On-line version ISSN 2448-7279Print version ISSN 0188-4611

Abstract

JOUAULT, Samuel et al. Responses, Resistance, and Opportunities for Community-Based Tourism in the Yucatan Peninsula in the Face of Covid-19 and Recurring Crises. Invest. Geog [online]. 2021, n.104, e60240.  Epub Sep 20, 2021. ISSN 2448-7279.  https://doi.org/10.14350/rig.60240.

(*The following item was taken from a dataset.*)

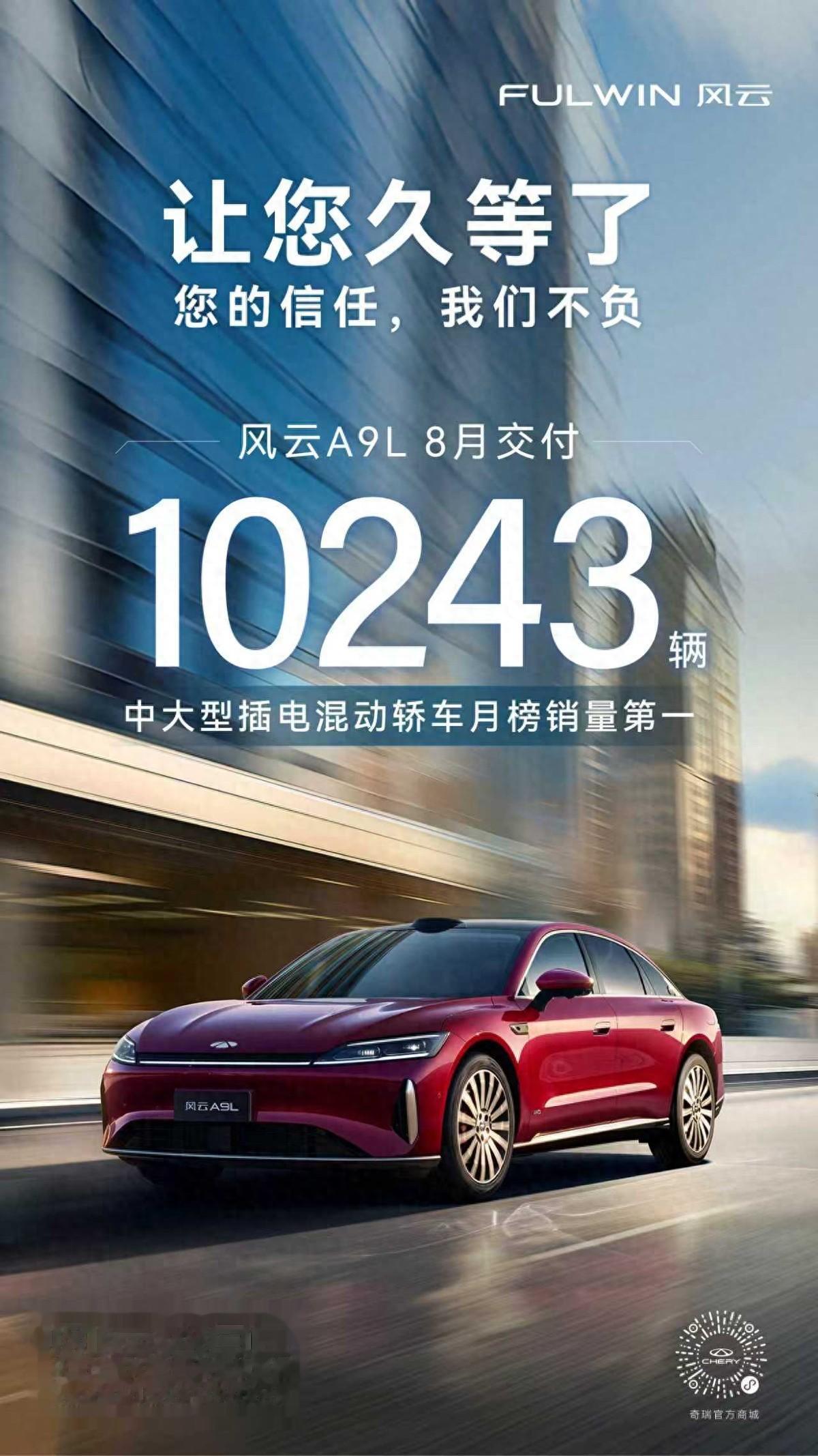 自 7 月上市以来,奇瑞风云 A9L 便持续点燃市场热情。8 月份,该车连续四周稳居销量榜首,最终以 10243 辆的单月交付成绩,强势登顶中大型插电混动轿车市场。这一成绩不仅是产品硬实力的直接印证,更彰显了奇瑞体系化造车与高效交付的深厚底蕴,标志着合资品牌长期垄断高端轿车市场的格局正在被彻底改写。

The COVID-19 public health issue came to be just another one - albeit not just any other - among the crises of different nature and magnitude that often affect the tourism sector in the Yucatan Peninsula. A number of environmental, economic, political, socio-territorial, commercial, and sanitary vulnerabilities affect the tourism sector in general and the community-based sector in particular. Faced with multiple recurring crises, tourism cooperatives have adopted various strategies to survive during adverse periods.

Pluriactivity - a historical cultural response of campesino (peasant) households to eventualities in their productive practices - stands out among such strategies. However, due to the long sector stagnation caused by the health emergency lockdown, community-based tourism businesses have seen their income reduced in more than 50% compared to 2019 and are formulating new responses, as well as resistance mechanisms, to address the dilemma between missing two high-tourism seasons, on the one hand, and avoiding the health risks of their communities and visitors, on the other. Major response strategies adopted by community-based tourism businesses include returning to food self-supply and supportive exchange of products among social businesses, as well as to savings and economic provisions. Resistance mechanisms include shutting down towns and conflicts within and between communities stemming from the reopening of tourism activity. Based on our practical experience acquired through accompanying 24 community-based tourism businesses to face the ongoing public-health crisis - and given the still incipient studies that adopt critical approaches within the community-based tourism practice itself-, the final section of this article presents a theoretical reflection to envision the likely post-pandemic reconfiguration that a “deep community-based tourism” could go through to differentiate it from the multiple attempts to co-opt and alienate this activity, in the light of force-ideas such as proximity and everyday tourism.

Keywords : community-based tourism; vulnerabilities; pandemic; pluriactivity; Mexico.